O ministro do Supremo Tribunal Federal (STF) Flávio Dino autorizou nesta terça-feira, 21, a notificação de Estados e municípios que não cumpriram obrigações ligadas a emendas Pix destinadas ao setor de eventos entre 2020 e 2024. A medida atende a um pedido da Advocacia-Geral da União (AGU) e está relacionada ao cumprimento de regras de transparência na execução desses repasses.
Segundo o portal Terra.com.br, a decisão visa dar mais efetividade ao acompanhamento da Corte sobre recursos voltados a um segmento especialmente afetado pelos impactos econômicos da pandemia de covid-19 e que se conecta ao Perse (Programa Emergencial de Retomada do Setor de Eventos). A controvérsia envolve atraso na prestação de contas e a persistência de omissões apontadas pelo STF.

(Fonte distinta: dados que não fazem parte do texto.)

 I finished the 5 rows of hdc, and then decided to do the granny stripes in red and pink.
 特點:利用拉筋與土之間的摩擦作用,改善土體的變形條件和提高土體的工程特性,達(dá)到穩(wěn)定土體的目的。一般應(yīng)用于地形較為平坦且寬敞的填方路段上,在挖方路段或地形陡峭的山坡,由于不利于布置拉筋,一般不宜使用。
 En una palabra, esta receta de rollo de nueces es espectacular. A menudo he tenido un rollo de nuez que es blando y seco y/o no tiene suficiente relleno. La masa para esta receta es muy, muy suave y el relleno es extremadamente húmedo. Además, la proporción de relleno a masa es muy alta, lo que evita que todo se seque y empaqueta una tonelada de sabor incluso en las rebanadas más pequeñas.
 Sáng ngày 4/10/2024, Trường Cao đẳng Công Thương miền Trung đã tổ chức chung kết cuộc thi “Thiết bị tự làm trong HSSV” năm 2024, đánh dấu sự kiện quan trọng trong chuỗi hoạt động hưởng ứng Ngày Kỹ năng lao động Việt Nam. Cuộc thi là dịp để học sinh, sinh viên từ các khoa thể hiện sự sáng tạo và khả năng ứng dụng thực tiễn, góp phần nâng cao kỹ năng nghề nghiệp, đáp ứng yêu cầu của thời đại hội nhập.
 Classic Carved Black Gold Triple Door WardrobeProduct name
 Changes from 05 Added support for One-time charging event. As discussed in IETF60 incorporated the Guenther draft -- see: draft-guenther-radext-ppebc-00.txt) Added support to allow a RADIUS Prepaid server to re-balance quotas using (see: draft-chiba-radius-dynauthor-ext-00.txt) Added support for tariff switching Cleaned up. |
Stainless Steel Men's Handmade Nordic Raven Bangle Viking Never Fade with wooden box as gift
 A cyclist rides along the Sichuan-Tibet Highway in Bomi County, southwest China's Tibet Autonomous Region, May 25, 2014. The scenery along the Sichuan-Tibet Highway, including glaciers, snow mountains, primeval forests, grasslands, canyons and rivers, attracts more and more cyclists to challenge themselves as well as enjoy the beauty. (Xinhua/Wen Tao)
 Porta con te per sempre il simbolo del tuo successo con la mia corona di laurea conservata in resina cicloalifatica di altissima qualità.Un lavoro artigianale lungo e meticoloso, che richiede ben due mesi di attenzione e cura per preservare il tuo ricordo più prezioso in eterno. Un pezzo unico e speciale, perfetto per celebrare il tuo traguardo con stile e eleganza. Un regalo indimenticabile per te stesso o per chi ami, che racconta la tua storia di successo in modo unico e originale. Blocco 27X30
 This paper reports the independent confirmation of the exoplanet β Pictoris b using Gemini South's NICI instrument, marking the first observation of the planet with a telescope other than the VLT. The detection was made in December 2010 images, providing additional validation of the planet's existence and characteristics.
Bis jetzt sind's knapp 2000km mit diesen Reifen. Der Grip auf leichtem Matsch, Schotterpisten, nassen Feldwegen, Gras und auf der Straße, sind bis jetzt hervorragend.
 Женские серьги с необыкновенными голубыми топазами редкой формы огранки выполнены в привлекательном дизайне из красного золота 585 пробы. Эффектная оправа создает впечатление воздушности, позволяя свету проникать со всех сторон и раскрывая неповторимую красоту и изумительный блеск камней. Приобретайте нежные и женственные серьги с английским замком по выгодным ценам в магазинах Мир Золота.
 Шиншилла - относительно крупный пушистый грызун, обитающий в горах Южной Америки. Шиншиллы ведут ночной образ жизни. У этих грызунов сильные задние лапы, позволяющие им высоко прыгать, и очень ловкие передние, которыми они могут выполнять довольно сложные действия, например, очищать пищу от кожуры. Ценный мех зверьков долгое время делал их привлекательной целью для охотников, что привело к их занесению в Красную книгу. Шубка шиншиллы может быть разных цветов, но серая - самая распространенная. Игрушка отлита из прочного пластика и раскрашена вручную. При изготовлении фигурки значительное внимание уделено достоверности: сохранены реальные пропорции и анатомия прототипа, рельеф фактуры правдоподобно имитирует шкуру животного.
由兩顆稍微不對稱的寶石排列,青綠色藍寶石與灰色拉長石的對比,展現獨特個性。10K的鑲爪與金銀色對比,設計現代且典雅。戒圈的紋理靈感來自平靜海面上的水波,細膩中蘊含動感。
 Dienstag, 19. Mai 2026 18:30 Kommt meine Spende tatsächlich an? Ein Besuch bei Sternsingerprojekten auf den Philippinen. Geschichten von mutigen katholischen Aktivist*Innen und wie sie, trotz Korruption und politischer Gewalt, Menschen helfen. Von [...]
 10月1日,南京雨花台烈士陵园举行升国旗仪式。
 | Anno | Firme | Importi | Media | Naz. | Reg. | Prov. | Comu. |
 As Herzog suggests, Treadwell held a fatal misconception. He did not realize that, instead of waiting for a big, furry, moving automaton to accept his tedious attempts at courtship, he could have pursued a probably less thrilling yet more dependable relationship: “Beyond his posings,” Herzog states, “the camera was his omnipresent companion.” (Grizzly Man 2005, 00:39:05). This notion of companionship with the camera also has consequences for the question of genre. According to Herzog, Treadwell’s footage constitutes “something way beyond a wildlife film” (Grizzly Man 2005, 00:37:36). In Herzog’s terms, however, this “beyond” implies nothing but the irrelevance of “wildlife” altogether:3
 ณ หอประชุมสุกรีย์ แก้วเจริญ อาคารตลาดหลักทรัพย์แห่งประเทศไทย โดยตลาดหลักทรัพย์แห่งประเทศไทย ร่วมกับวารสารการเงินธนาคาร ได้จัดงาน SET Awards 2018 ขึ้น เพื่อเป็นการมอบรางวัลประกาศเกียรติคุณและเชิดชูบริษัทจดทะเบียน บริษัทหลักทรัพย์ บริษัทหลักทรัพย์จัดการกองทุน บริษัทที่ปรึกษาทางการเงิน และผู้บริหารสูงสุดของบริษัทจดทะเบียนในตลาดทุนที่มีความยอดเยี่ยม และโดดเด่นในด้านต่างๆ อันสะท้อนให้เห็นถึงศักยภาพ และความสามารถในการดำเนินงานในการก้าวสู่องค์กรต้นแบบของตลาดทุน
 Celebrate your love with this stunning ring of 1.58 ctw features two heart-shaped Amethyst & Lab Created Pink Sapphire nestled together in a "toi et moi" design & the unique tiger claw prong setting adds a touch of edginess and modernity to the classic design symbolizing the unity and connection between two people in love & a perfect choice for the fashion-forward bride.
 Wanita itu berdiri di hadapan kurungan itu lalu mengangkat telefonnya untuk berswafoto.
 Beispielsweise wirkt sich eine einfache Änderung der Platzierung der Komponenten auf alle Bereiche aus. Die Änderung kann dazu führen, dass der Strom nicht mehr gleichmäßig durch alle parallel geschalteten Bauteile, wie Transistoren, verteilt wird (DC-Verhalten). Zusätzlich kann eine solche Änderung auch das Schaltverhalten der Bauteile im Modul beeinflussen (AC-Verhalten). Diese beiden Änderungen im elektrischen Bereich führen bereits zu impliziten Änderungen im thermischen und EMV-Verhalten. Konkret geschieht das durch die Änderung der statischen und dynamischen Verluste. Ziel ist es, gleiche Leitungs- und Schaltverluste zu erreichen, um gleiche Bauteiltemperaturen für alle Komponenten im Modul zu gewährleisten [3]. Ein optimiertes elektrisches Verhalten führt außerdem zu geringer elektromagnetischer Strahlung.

O que o STF decidiu sobre emendas Pix e prestação de contas
De acordo com a determinação de Flávio Dino, os entes federativos que estão com pendências devem ser notificados sobre a incidência de multa diária, prevista para o descumprimento de decisões da Corte.
A base do caso, conforme descrito pelo Terra.com.br, é a necessidade de que os Estados e municípios apresentem informações e relatórios exigidos para acompanhar como as emendas Pix estão sendo executadas. O STF concentra a análise em repasses voltados ao setor de eventos e na relação desses recursos com o Perse.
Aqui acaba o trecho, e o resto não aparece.